Znany polski pisarz pojechał na Ukrainę pomóc. Relacja dziennikarki „Wprost” z Jaworowa

Znany polski pisarz pojechał na Ukrainę pomóc. Relacja dziennikarki „Wprost” z Jaworowa

Andrzej Stasiuk pod szpitalem w Jaworowie
Andrzej Stasiuk pod szpitalem w Jaworowie Źródło:Karolina Baca-Pogorzelska
Po niemal trzech tygodniach wojny nie ustaje polskie wsparcie dla Ukraińców. Zarówno w Polsce, dla tych, którzy uciekli, jak i tu, na terenach objętych wojną. Dziennikarka „Wprost” sprawdziła to we Lwowie i Jaworowie, gdzie spotkała m.in. pisarza Andrzeja Stasiuka.

Gdy w nocy z soboty na niedzielę rakiety spadły na poligon niedaleko Jaworowa w obwodzie lwowskim, zaledwie około 20 km od polskiej granicy, trzeba było zadbać o transport rannych. Szpital w maleńkim miasteczku nie był w stanie ich przyjąć, karetki kursowały więc m.in. do Lwowa.
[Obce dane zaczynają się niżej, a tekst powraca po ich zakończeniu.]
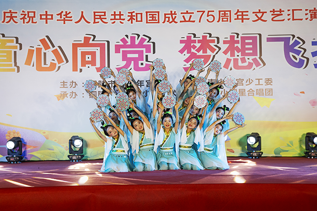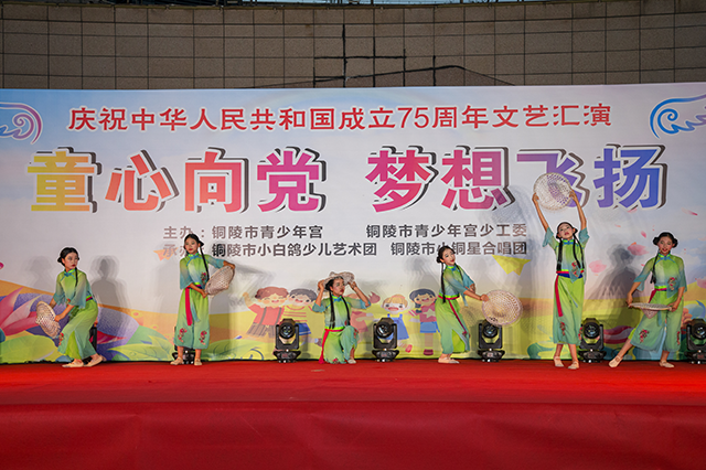 为庆祝中华人民共和国成立75周年,展示我宫教育教学成果和学员风采,在团市委、市少工委的关心指导下,近日,由铜陵市青少年宫、铜陵市青少年宫少工委主办,铜陵市小白鸽少儿艺术团、铜陵市小铜星合唱团承办的“童心向党 梦想飞扬”庆祝中华人民共和国成立75周年文艺汇演圆满举行。来自舞蹈班、声乐班、电子琴班、武术班、戏曲班等20个节目,330余名学员参加了演出。形式多样、内容丰富的节目表演吸引了众多市民及家长现场观看。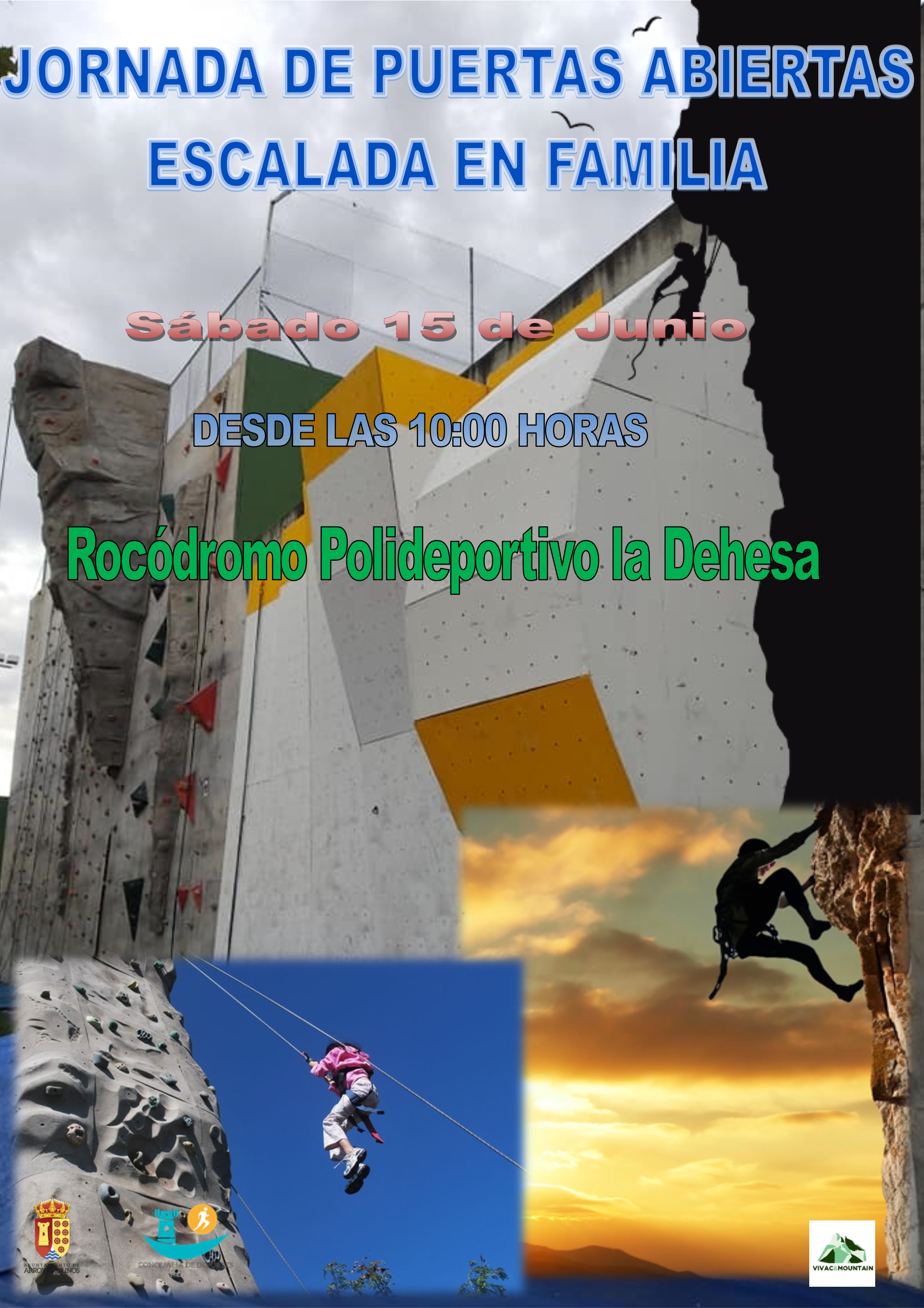 El Club Vivac Mountain de Arroyomolinos organiza una jornada de iniciación y puertas abiertas con motivo de las Prefiestas de Arroyomolinos. Una oportunidad de conocer el deporte de la escalada y dejarnos llevar por el maremágnum de sensaciones y adrenalina que proporciona. Todo esto convierte a la escalada y el montañismo en uno de los diez deportes con más federados en nuestro país.

W Jaworowie spotykamy Marcina Piotrowskiego ze Stowarzyszenia Folkowisko, który w niedzielę wraz z pisarzem Andrzejem Stasiukiem, dostarczył do Jaworowa pojazd i komplet pomocy medycznej. Pomiędzy pomagającymi, a lekarzem ze szpitala doszło przy okazji do wymiany zdań, w której każdy wyraził, co myśli o Putinie. Padły niecenzuralne słowa.